VERSION="11 (bullseye)"
VERSION_CODENAME=bullseye
ID=debian
HOME_URL="https://www.debian.org/"
SUPPORT_URL="https://www.debian.org/support"
BUG_REPORT_URL="https://bugs.debian.org/"

$ sudo umount /home/ansible/derivative-binary/Whonix-Gateway-XFCE_image
umount: /home/ansible/derivative-binary/Whonix-Gateway-XFCE_image: target is busy.

Sure if I add a -f or -l flag

but if I unmount I still see

$ sudo losetup -a
/dev/loop0: [65025]:1312560 (/home/ansible/derivative-binary/ae1f3d469da21e5532573f32b0f9415e14d849e8/Whonix-Gateway-XFCE-ae1f3d469da21e5532573f32b0f9415e14d849e8.Intel_AMD64.raw (deleted))

running sudo losetup -D does not detach it, but when I reboot the machine, sudo losetup -a shows nothing (so restarting does in fact kill the losetup, but only after the force umount)

I am not sure how all this stuff works. I love linux, but really feelin like a dumb webdev right now :laughing:

About to rerun the build for new logs

1 Like
62

sorry to keep buggin ya @Patrick, I am trying

Logs should be here after the build fails
https://github.com/Mycobee/derivative-maker/actions/runs/2986664249

1 Like
63

There used to be an obscure but in kpartx that was probably not really cleanly fixed:
http://bugs.debian.org/cgi-bin/bugreport.cgi?bug=734794

Could either be the same issue here or something similar. Whatever that might beā€¦

Can we automate rebooting the server? I am asking, because Iā€™d like to iterate faster here.

If I detect a stale mount and folder /home/ansible exists can I tell the build script just the reboot the server? Then I could do more builds in quick succession.

I would also temporarily change the build script to a simpler state that does not create a full build but just to quickly debug the mount issue.

66

If we are going to check for the stray mounts in the derivative-maker scripts, here is a solution I came up with to umount.

STRAY_MOUNT=$(df -h | grep 'ansible\/derivative-binary')

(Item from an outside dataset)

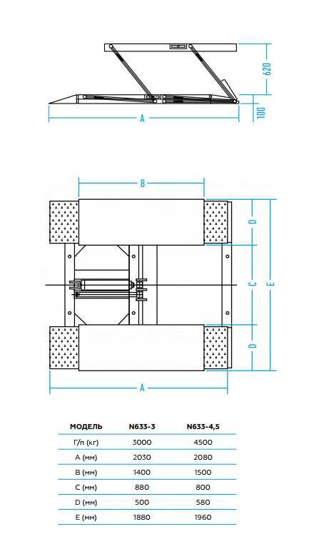 Подъемник ножничный 3 т, 220 В n633-3b_220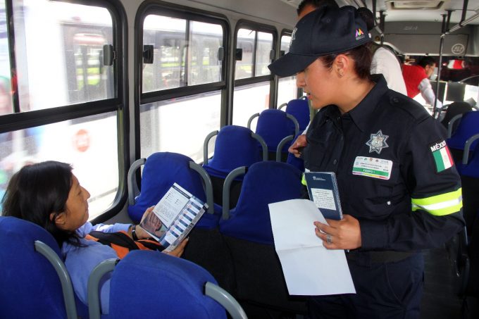 El Gobierno del Estado de México, a través de la Secretaria de Movilidad, implementó operativos con perspectiva de género para garantizar la seguridad de las mujeres a bordo del transporte público, a fin de evitar que sufran algún tipo de delito o acoso sexual en sus traslados, a partir de brindarles orientación, así como ayuda psicológica, jurídica y de trabajo social.

if [ -n "$STRAY_MOUNT" ]; then
  MOUNTED_FOLDER=$(echo $STRAY_MOUNT | awk '{print $6}')
  $SUDO_TO_ROOT umount -l $MOUNTED_FOLDER
fi
1 Like
67

Okay so now CI always reboot the VPS before running the derivative-maker build step. This should fix the issue with sudo losetup --all having a lingering loopback

I think mount steps above can fix the issue with the mounted volume, if necessary.

1 Like
68

With the reboot implemented, the same issue is occuring with the umount
https://github.com/Mycobee/derivative-maker/actions/runs/3018043263

I think the above solution I posted with the umount -l could potentially fix it

1 Like
69

If the build script and/or the CI scripts check for stray mounts, I guess is best if you decide.

The build script will check for stray mounts anyhow because non-CI builds should get a build error early when there is a stray mount. That test can stay independent from any potential test by the CI scripts.

The tests that I am currently using:

Usually a CI sets environment variable CI=true. And depending on that, the build script could perform some action it does not do outside of CI.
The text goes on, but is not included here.